▸ **Task brief**: The records below must be written out exactly, with every picture left behind.

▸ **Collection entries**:

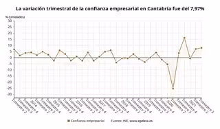 El Índice de Confianza Empresarial Armonizado (ICEA), cuya publicación corresponde al Instituto Nacional de Estadística (INE), ha subido un 8% en Cantabria en el tercer trimestre de este año respecto al segundo, el menor incremento de las comunidades.
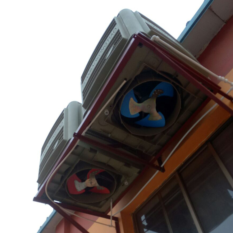 湿帘冷风机可安装在墙壁上,屋顶上或室外的地坪上,应避免风管过长(如KS-18型)。一般长度15-20米佳,并尽可能减少风管弯头或不用弯头。
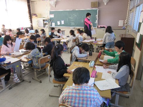 4月20日(金)1時間目の授業は算数でした。「学んだことを生かそう」ということで、早く解けた人が、なかなかわからない子の「小さな先生」になって、全員が○をもらえるように頑張ろうということでした。
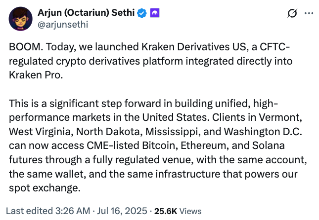 “Under CFTC oversight, Kraken can now integrate clearing, risk, and matching into one environment that meets the same standards as the largest exchanges in the world,” Kraken co-CEO Arjun Sethi said.
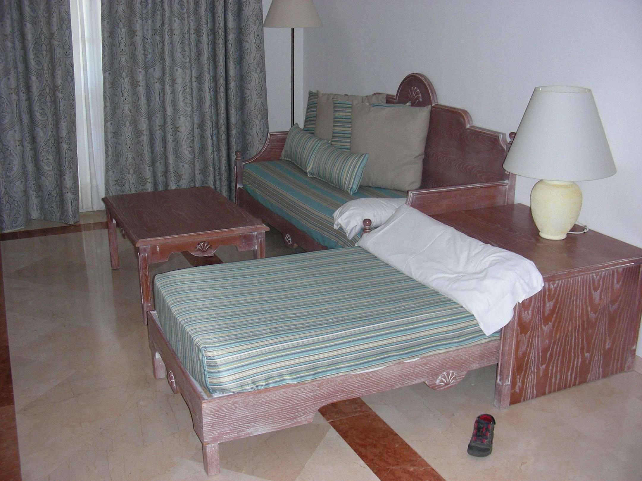 WohnzimmerVom EIngang aus sieht man auf das Schlafsofa, auf dem zwei Erwachsene wirklich schlafen können.
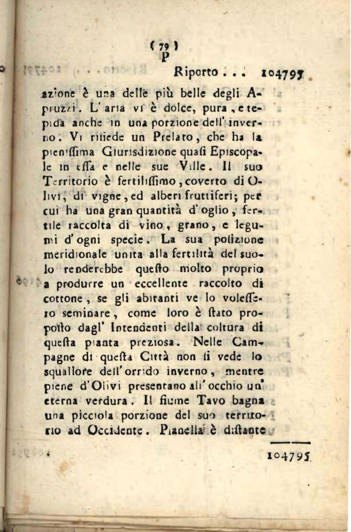 az'one è ura delle più belle degli A-pruz/i. L'aria vi è dolce, pura, e tepida anche in una porzione dell'inverno . Vi riliede un Prelato, che ha la p'.en'flìma Giurisdizione quali Episcopale in ttta e nelle sue Ville. 11 suo Territorio è fertiliflìmo , coverto di telivi, di vigne,ed alberi fruttiferi; per cui ha una gran quantità d'oglio, fertile raccolta dì vino, grano, e legumi d'ogni specie. La sua polizione meridionale unita alla fertilità del suo-Io renderebbe qutfto molto proprio a produrre un eccellente raccolto di cottone , se gli abitanti ve lo volette-ro seminare , come loro è ftato pro-pollo dagl' Intendenti della coltura di quefta pianta preziosa. Nelle Campagne di quefta Città non li vede lo squallore dell'orrido inverno, mentre piene d'Olivi presentano ali* occhio un* eterna verdura . Il fiume Tavo bagna una piccola porzione del suo territorio ad Occidente. Pianella è dittante
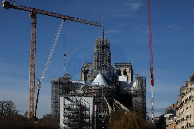Illustration de la flèche et du coq de la cathédrale de Notre Dame de Paris libérée des échafaudages. Paris, le 13 février 2024. © Stéphane Lemouton / Bestimage Illustration of the spire and rooster of the cathedral of Notre Dame de Paris freed from scaffolding. Paris, February 13, 2024.
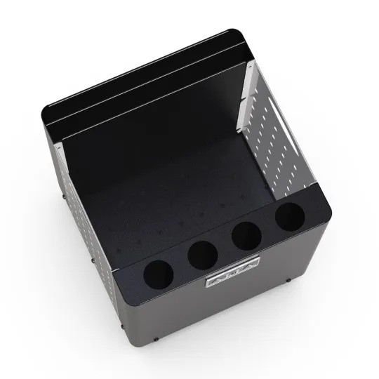 Le due tasche e i 4 fori forniscono un posto comodo dove riporre le tue pale, mentre l’alloggiamento centrale è una soluzione elegante per contenere la legna o i rifiuti.
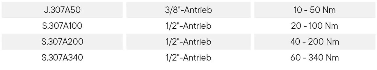 Die Drehmomentschlüssel der Serie 307 sind ausserdem mit einem ergonomischen, stossdämpfenden Zweikomponenten-Griff ausgestattet. Die abrollsichere Form schützt vor versehentlichem Herunterfallen. Sie sind mit einer abnehmbaren Knarre ausgestattet und in den folgenden Grössen erhältlich:
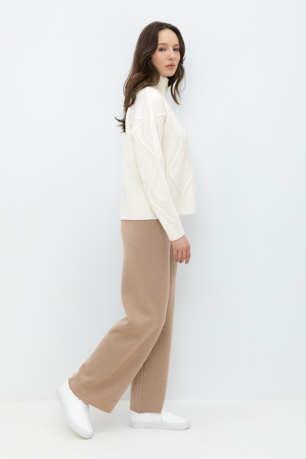 Удобные вязаные брюки прямого силуэта. Выполнены из мягкой полушерстяной пряжи. Шерсть в составе сохраняет тепло, а благодаря волокнам акрила изделие мягкое и дольше сохраняет форму.
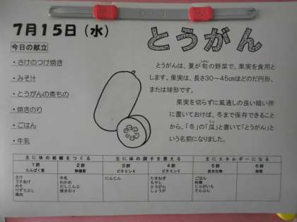 本日の献立に登場した「冬瓜(とうがん)」は、夏が旬の野菜であり、果実を食用としています。
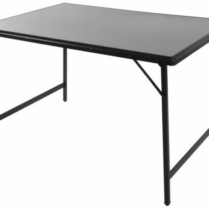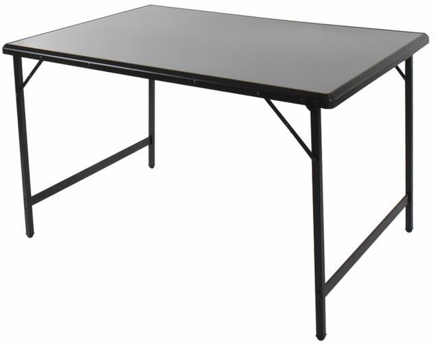 Leichter Campingtisch mit Aluminium beschichteter Tischplatte.wetterfeste Aluminium-Tischplattestabiles GestellBeine 5 cm höhenverstellbarTechnische Daten:Breite: 115 cmTiefe: 70 cmHöhe: 70 cmHöhenverstellbar: JaMaterial Gestell: AluminiumFarbe Gestell: schwarzMaterial Platte: AluminiumDekor Platte: grauBelastbarkeit: 30 kgGewicht: 6.8 kgPackmass-Länge: 120 cmPackmass-Breite: 80 cmPackmass-Höhe: 7 cm
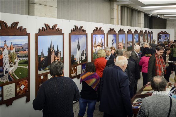 Érdeklődők Makovecz Imre Kossuth-díjas építész “..összekötni az eget és a földet..” című, a művész életművét reprezentáló tárlat megnyitóján a magyar kultúra napján a Kölcsey Központban, Debrecenben 2015. január 22-én. Fotó: Czeglédi Zsolt / MTI
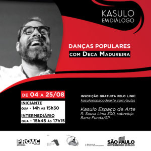 Em agosto o Kasulo Espaço de Arte oferece gratuitamente uma oficina presencial de danças populares, com Deca Madureira.
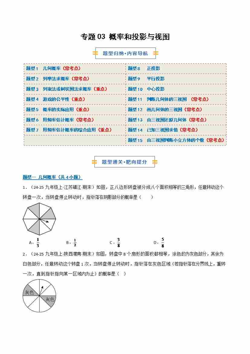 专题03 概率和投影与视图(期末复习专项训练)(原卷版)
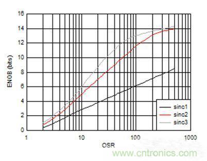 圖1:AMC1304L05 —— 有效位數(shù)和過(guò)采樣率
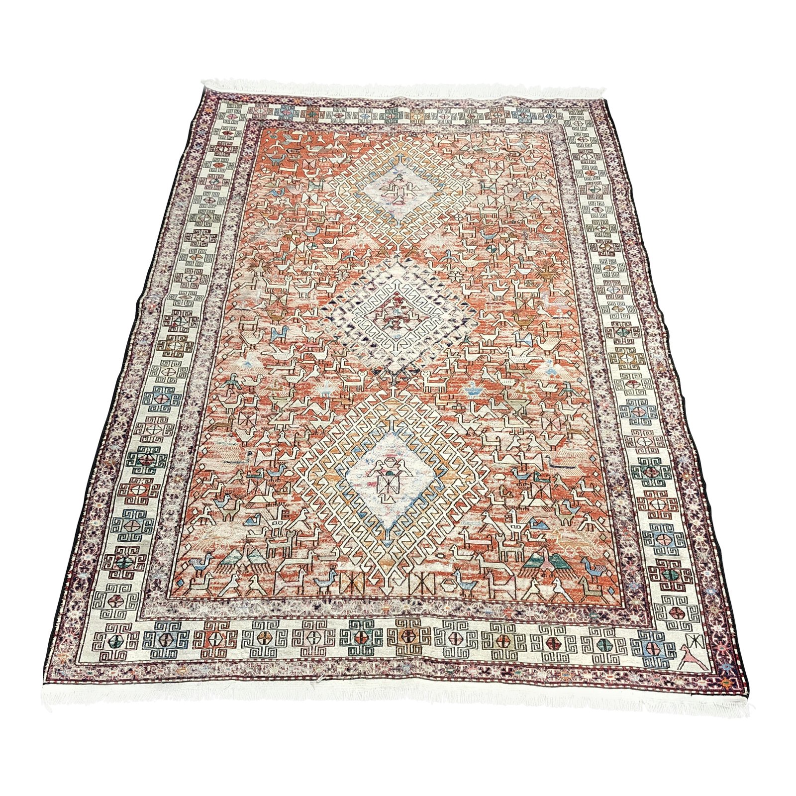 Design Plus Gallery presents a Silk Sumak Area Rug. Brilliantly colored against a white ground, the pattern Handcrafted using a historic technique that’s older than traditional piled carpet weaving, this weave requires the work of the most skilled artisans. No knots are tied in the process which makes the textile that much stronger. The technique, similar to that for Kilims, creates great durability that will last in high traffic areas. Unlike Kilims, Sumak rugs are not reversible as the backside has threads that create a cushion that is more thick and durable as a floor covering.

▸ **Output for this exercise**:
 El Índice de Confianza Empresarial Armonizado (ICEA), cuya publicación corresponde al Instituto Nacional de Estadística (INE), ha subido un 8% en Cantabria en el tercer trimestre de este año respecto al segundo, el menor incremento de las comunidades.
 湿帘冷风机可安装在墙壁上,屋顶上或室外的地坪上,应避免风管过长(如KS-18型)。一般长度15-20米佳,并尽可能减少风管弯头或不用弯头。
 4月20日(金)1時間目の授業は算数でした。「学んだことを生かそう」ということで、早く解けた人が、なかなかわからない子の「小さな先生」になって、全員が○をもらえるように頑張ろうということでした。
 “Under CFTC oversight, Kraken can now integrate clearing, risk, and matching into one environment that meets the same standards as the largest exchanges in the world,” Kraken co-CEO Arjun Sethi said.
 WohnzimmerVom EIngang aus sieht man auf das Schlafsofa, auf dem zwei Erwachsene wirklich schlafen können.
 az'one è ura delle più belle degli A-pruz/i. L'aria vi è dolce, pura, e tepida anche in una porzione dell'inverno . Vi riliede un Prelato, che ha la p'.en'flìma Giurisdizione quali Episcopale in ttta e nelle sue Ville. 11 suo Territorio è fertiliflìmo , coverto di telivi, di vigne,ed alberi fruttiferi; per cui ha una gran quantità d'oglio, fertile raccolta dì vino, grano, e legumi d'ogni specie. La sua polizione meridionale unita alla fertilità del suo-Io renderebbe qutfto molto proprio a produrre un eccellente raccolto di cottone , se gli abitanti ve lo volette-ro seminare , come loro è ftato pro-pollo dagl' Intendenti della coltura di quefta pianta preziosa. Nelle Campagne di quefta Città non li vede lo squallore dell'orrido inverno, mentre piene d'Olivi presentano ali* occhio un* eterna verdura . Il fiume Tavo bagna una piccola porzione del suo territorio ad Occidente. Pianella è dittante
Illustration de la flèche et du coq de la cathédrale de Notre Dame de Paris libérée des échafaudages. Paris, le 13 février 2024. © Stéphane Lemouton / Bestimage Illustration of the spire and rooster of the cathedral of Notre Dame de Paris freed from scaffolding. Paris, February 13, 2024.
 Le due tasche e i 4 fori forniscono un posto comodo dove riporre le tue pale, mentre l’alloggiamento centrale è una soluzione elegante per contenere la legna o i rifiuti.
 Die Drehmomentschlüssel der Serie 307 sind ausserdem mit einem ergonomischen, stossdämpfenden Zweikomponenten-Griff ausgestattet. Die abrollsichere Form schützt vor versehentlichem Herunterfallen. Sie sind mit einer abnehmbaren Knarre ausgestattet und in den folgenden Grössen erhältlich:
 Удобные вязаные брюки прямого силуэта. Выполнены из мягкой полушерстяной пряжи. Шерсть в составе сохраняет тепло, а благодаря волокнам акрила изделие мягкое и дольше сохраняет форму.
 本日の献立に登場した「冬瓜(とうがん)」は、夏が旬の野菜であり、果実を食用としています。
 Leichter Campingtisch mit Aluminium beschichteter Tischplatte.wetterfeste Aluminium-Tischplattestabiles GestellBeine 5 cm höhenverstellbarTechnische Daten:Breite: 115 cmTiefe: 70 cmHöhe: 70 cmHöhenverstellbar: JaMaterial Gestell: AluminiumFarbe Gestell: schwarzMaterial Platte: AluminiumDekor Platte: grauBelastbarkeit: 30 kgGewicht: 6.8 kgPackmass-Länge: 120 cmPackmass-Breite: 80 cmPackmass-Höhe: 7 cm
 Érdeklődők Makovecz Imre Kossuth-díjas építész “..összekötni az eget és a földet..” című, a művész életművét reprezentáló tárlat megnyitóján a magyar kultúra napján a Kölcsey Központban, Debrecenben 2015. január 22-én. Fotó: Czeglédi Zsolt / MTI
 Em agosto o Kasulo Espaço de Arte oferece gratuitamente uma oficina presencial de danças populares, com Deca Madureira.
 专题03 概率和投影与视图(期末复习专项训练)(原卷版)
 圖1:AMC1304L05 —— 有效位數(shù)和過(guò)采樣率
 Design Plus Gallery presents a Silk Sumak Area Rug. Brilliantly colored against a white ground, the pattern Handcrafted using a historic technique that’s older than traditional piled carpet weaving, this weave requires the work of the most skilled artisans. No knots are tied in the process which makes the textile that much stronger. The technique, similar to that for Kilims, creates great durability that will last in high traffic areas. Unlike Kilims, Sumak rugs are not reversible as the backside has threads that create a cushion that is more thick and durable as a floor covering.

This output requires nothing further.